Parenteau looks to be in fantastic shape and based on the compete level he showed last season will be ready to battle for the number one spot.  They will be pushed by 16 year old Calgarian Ian Scott who was the Raiders first round pick in 2014 and Curtis Meger, the 17 year old who helped lead the Regina Pat Canadians to a bronze medal at the Telus Cup.  This has led to considerable trade speculation but Hunt is no hurry to solve what is a nice problem to have.

The other major question surrounds the overage situation.  Jesse Lees and Hunter Warner are among the returnees on defence with Jordan Tkatch and the Deben dangler Craig Leverton potentially coming back as top six forwards.  Meanwhile don’t rule out the possibility of the Vancouver Canucks sending recently signed MacKenze Stewart back for additional seasoning in the dub.

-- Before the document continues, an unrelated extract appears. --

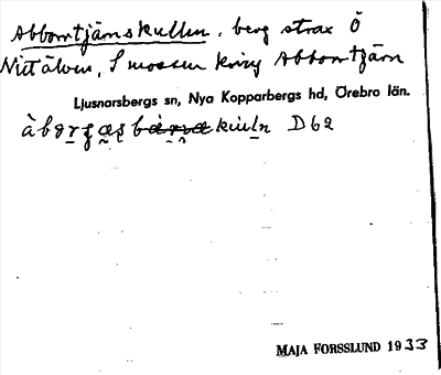Information om ortnamnet Abborrtjärnskullen

In addition to determining who are the top 20 year old’s from that group the question remains where do they fit in the 2015-16 Raider ensemble, specifically will their experience and capability be better served scoring goals or keeping them out of the net.   Lees jumps to the front because of his ability to play defense and forward in addition to quarterbacking one of the power play units from the backline. The speculation becomes moot if Stewart and Warner (signed last year by the Minnesota Wild), stay in the pros after their respective training camps.

The overage and goaltending solutions may not come until well into the regular season.